= Northern Sound System =

Music education centre for youth in Adelaide, South Australia

Northern Sound System (NSS) is a dedicated youth centre focused on music, broadcasting, and other creative industries, located in Elizabeth, a northern suburb of Adelaide, South Australia.

==Background==
The Northern Sound System was established in 2007 by the City of Playford, assisted by funding from the Australian Government, and is located in a converted basketball stadium at 71 Elizabeth Way, Elizabeth. Created partly to help high youth unemployment in the area, it gives young people the opportunities to learn skills they might not acquire elsewhere.

==Programs and facilities==
NSS has offered programs, courses or workshops in various skills, including DJing, hip hop music, youth choir, gaming, animation, songwriting, and music production. Some of the programs are run as after-school programs. One of the lead music educators at the centre as of 2021 is member of synth-pop band Heaps Good Friends, Nick O'Connor. It has evolved over the years to include the teaching of technical skills, and also teaches sound engineering, lighting, event production, photography, and digital content creation.

It includes recording studios, a live music venue accommodating around 400 people, spaces for rehearsal, and provides opportunities for young people to develop their musical talents and connect with people in the music industry and audiences.

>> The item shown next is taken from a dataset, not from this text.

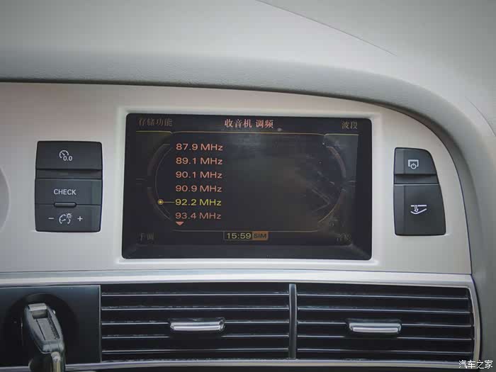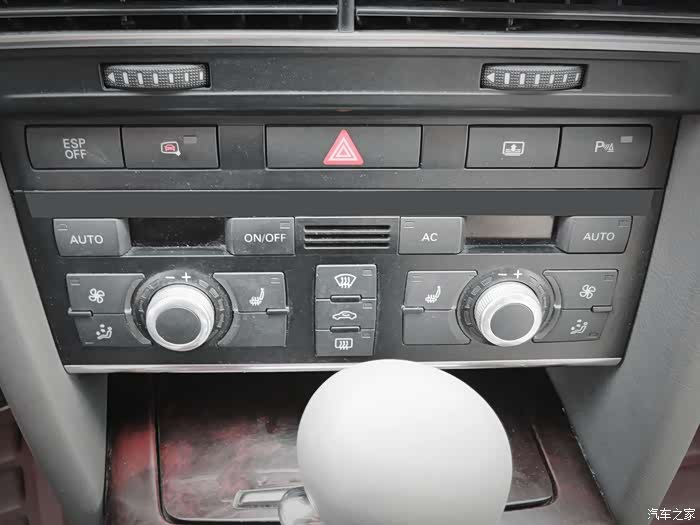 空调控制面板旋钮一角空白的按键看起来有些突兀,感觉像为座椅通风预留的,作为当年落地接近70万顶配的A6L,座椅只有加热没有通风有些遗憾。空调控制面板上方,除了ESP的关闭按键,还能看到并线辅助的开关,这个配置在15万以内的新车上也比较少见。

It also has facilities for live broadcasts, and caters for the creation of content for podcasts, YouTube, radio programs, and Twitch streaming.

==Events and collaborations==
In 2016, a video projection of young musicians from NSS was shown at the Zimbardo Centre in Katowice, Poland, as part of the as part of the zDOLNE PODZIEMIE festival. The collaboration came about through Adelaide and Katowice both being UNESCO Cities of Music.

In December 2020, a project called Pixelated North was launched, which involved the creation of NSS within the videogame Minecraft by young people at NSS.

In 2026, a new project called "Next Wave: Building Creative Careers" partners young musicians with videographers and photographers, who provide them with a music video as well as mentorship.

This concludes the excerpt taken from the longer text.